The robots at HSBC aren't bankers. Yet.

When Jeremy Balkin met Pepper at a fintech conference two years ago, it was love at first sight.

“Being Australian, not many people understand me with my funny accent and Pepper understood me,” Balkin said.

Pepper, by the way, is a robot, framed in white plastic, 4 feet tall with a child's voice and big eyes — a sort of polite cousin to Twiki from "Buck Rogers in the 25th Century."

The head of innovation for HSBC felt that the robot, created by SoftBank Robotics Group and powered by machine learning and cloud computing, could help the multinational bank transform its retail banking experience. After seven months of testing the robot with customers, the bank introduced Pepper on Tuesday at its flagship Fifth Avenue branch in Manhattan.
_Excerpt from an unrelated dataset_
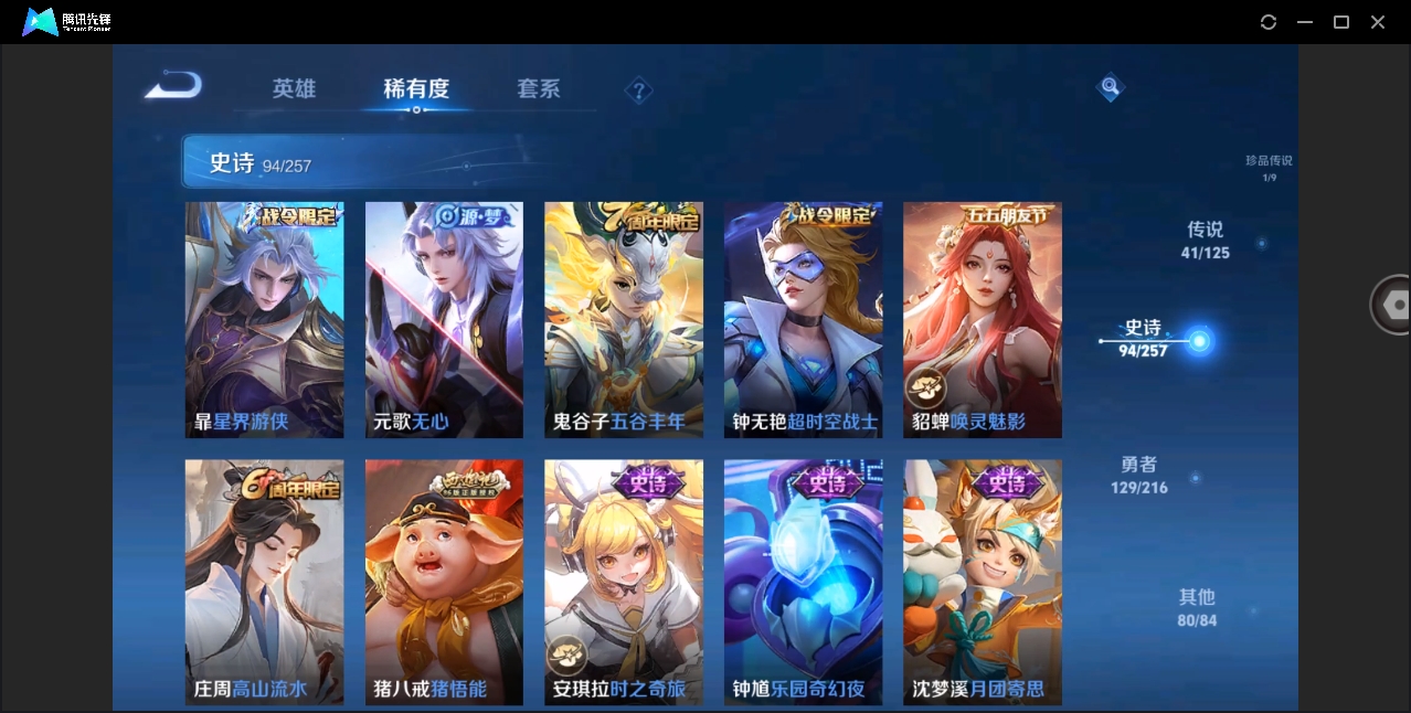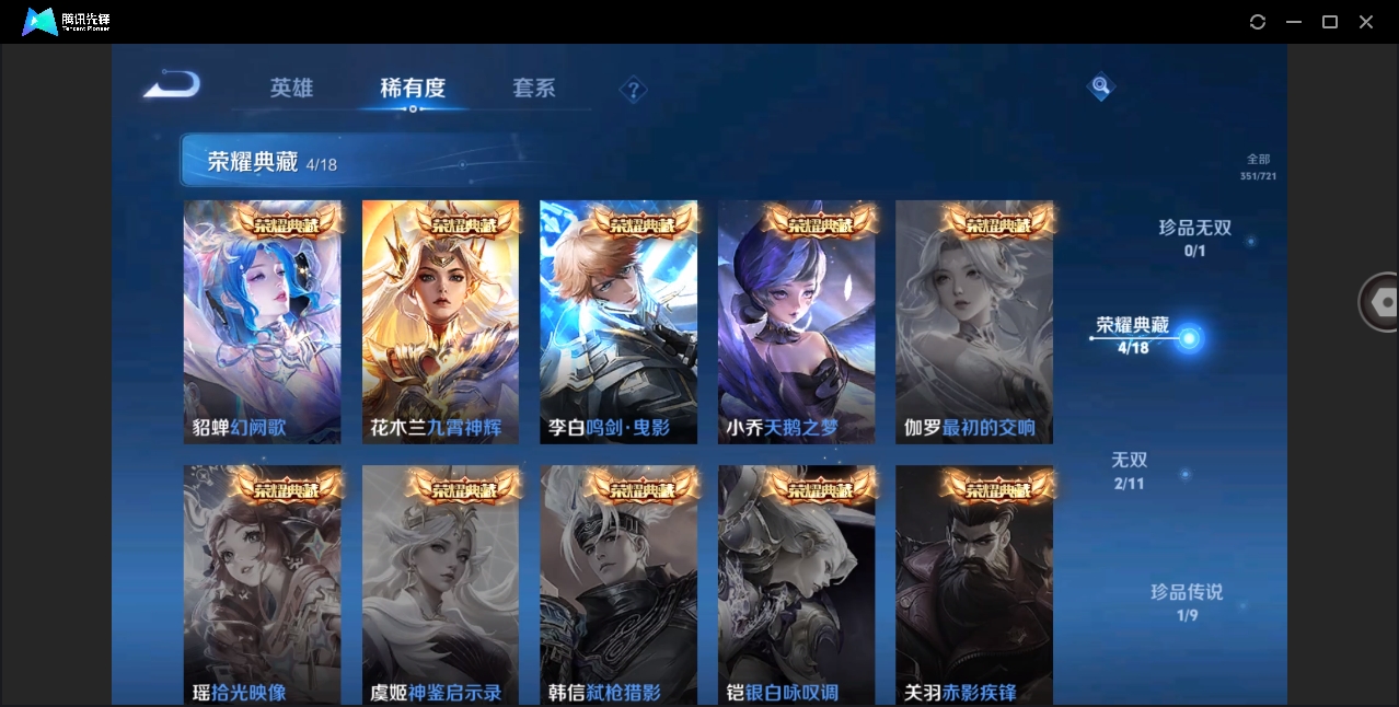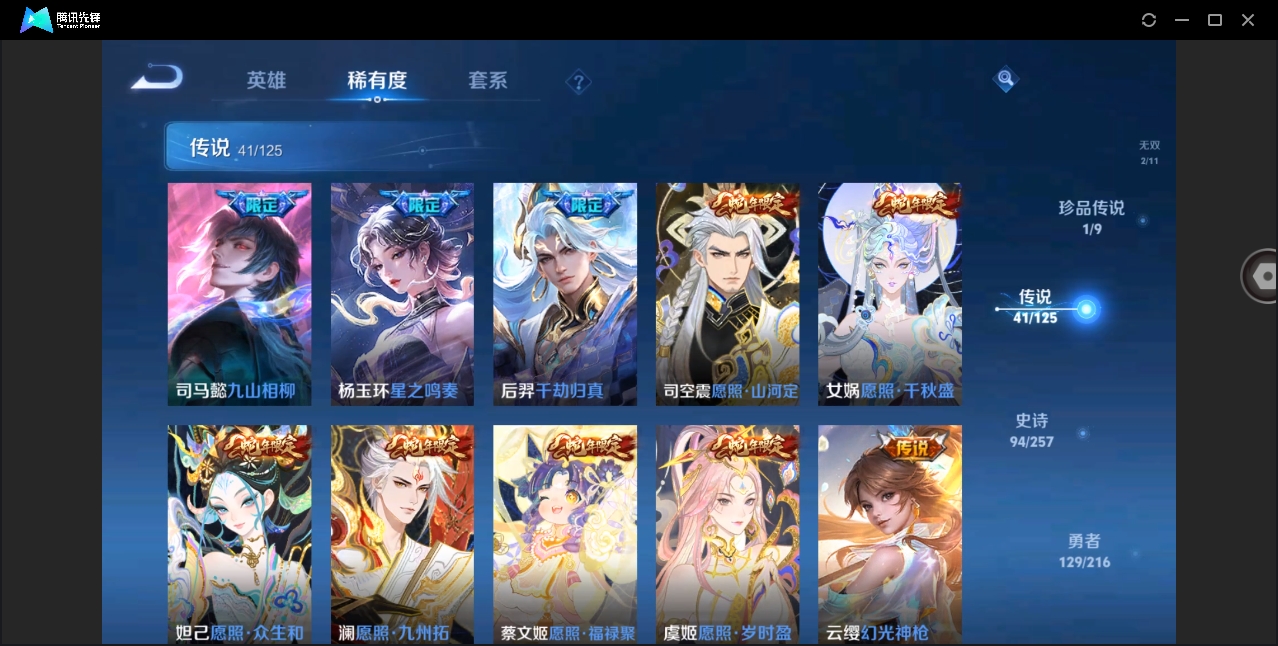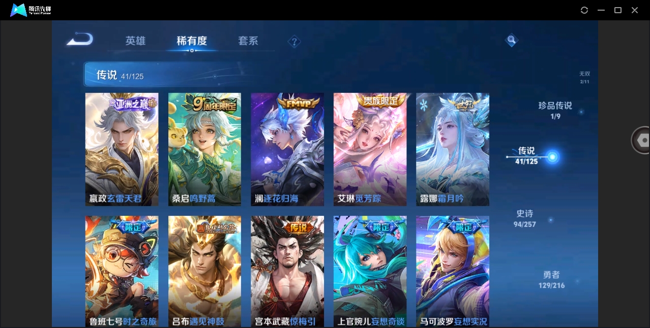 [10626051]【编号97220 v10】【125英雄351皮肤】【4典藏2无双1珍品传说41传说1星传说2传说天幕 司马懿新皮肤 蛇年套】闪耀亚洲天幕 共赏芳华天幕 星际治安官 天鹅之梦 鸣剑·曳影 九霄神辉 幻阙歌 雪境奇遇-甄姬 器灵·螭龙剑 器灵·落星盏 黄金狮子座 云鹰飞将 绛天战甲 猫影幻舞 久胜战神 炽阳神光 一念神魔 云霓雀翎 末日机甲-孙尚香 地狱火 仲夏夜之梦 音你心动-小乔 地狱之眼 乞巧织情 超时空战士-狄仁杰 无双飞将 山海·炽霜斩 浮生妄 记忆之芯 鹤羽星尊 妄想实况 妄想奇谈 惊梅引 遇见神鼓 鲁班七号-时之奇旅 霜月吟 澜逐花归海 艾琳觅芳踪 启明星使 玄雷天君 幻光神呛 星之鸣奏 千劫归真 九山相柳

“This is more than just a gimmick for us,” said Pablo Sanchez, head of retail banking and wealth management at HSBC. “It’s a paradigm shift for HSBC in the U.S.”

Pepper, HSBC's humanoid robot, chats up humans in its Midtown branch.

Pepper won’t be replacing bank tellers at the branch. But the robot will provide information about products and services that the bank offers. It can help customers with a branch's ATMs, the HSBC Mobile Banking app, self-service options and direct customer support.

The robot will help potential customers understand what kinds of special promotions the bank is offering, and when it knows that a bank teller is needed, it will hail one by sending an email to HSBC employees inside the branch.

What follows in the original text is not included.